After I crawled deliriously into bed at 12:23 last night Lucy promptly screamed her head off for no apparent reason from 12:28 a.m. until 3:07 a.m. this morning. Yep, that’s a little over 2 1/2 hours of pure, undiluted, high pitched screams (sorry neighbors!). It was pretty non-stop except for the 15 minutes I soaked her in in the rocking chair, 20 minutes when I tried to let her sleep with me (fun for the first 10), and about 10 when I finally decided to let her scream it out and Elle went in to try to take care of her. What a sweetheart that Elle is.

Needless to say, boy howdy is Dave ever SOOOOOO lucky he’s out of town!
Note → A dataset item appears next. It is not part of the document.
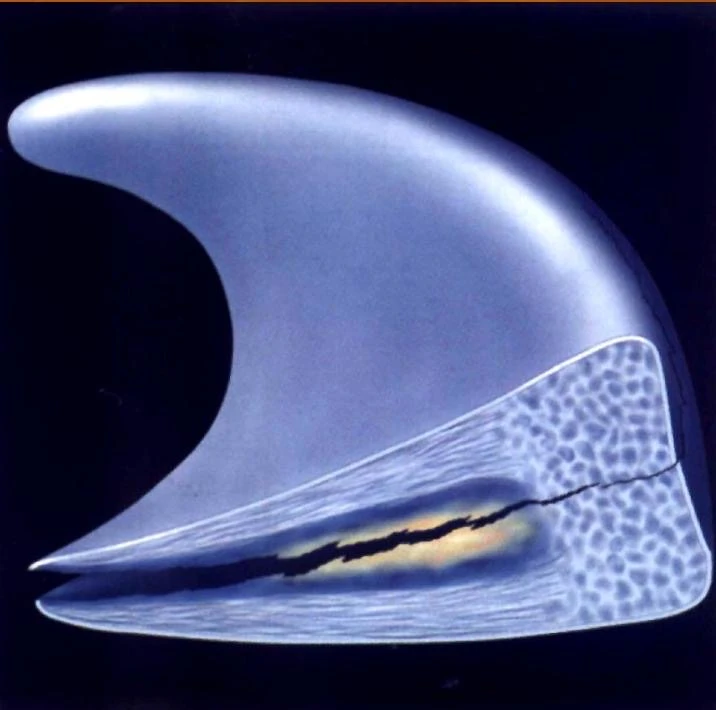 По классификации разрыв такой относится к продольным (потому что капсулярный полукруглый край мениска считается, типа, продольной осью мениска почему-то и поэтому разрывы, параллельные этому краю, называются продольными вертикальными, в отличие от поперечных (которые пересекают мениск от суставного края до капсулярного) и продольных горизонтальных, которые похожи на птичий клюв, но не попугая (это особый тип разрыва мениска, кривой, как турецкая сабля клюв попугая).
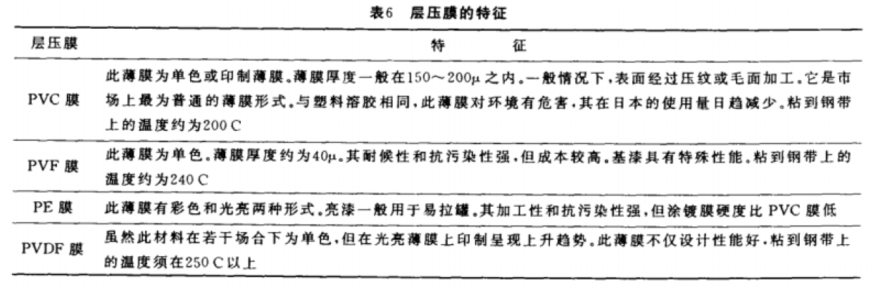 貼膜彩涂板所用層壓膜使用特點見表6。

And man, is my sweet brother ever so UN lucky he is staying with us IN town. Poor guy.

The girls and I went on a little rollerblading trip around the block last night (well, they rollerbladed and I was a “horse” for Lucy who was riding on my shoulders…this is actually a great tactic the girls came up with to stay up a little longer, and I’m a sucker). Anyway, one of the things we talked about is that Elle requested that I please keep ALL my clothes so she can grow into them some day because she loves them. Hmmm. I wonder how long that’ll last? I better live it up while I can.

The girls think they need to rollerblade around the house every day, every minute they’re home.

Claire thinks she needs to wear the cute skirt my Mom gave her for Christmas every day, every minute.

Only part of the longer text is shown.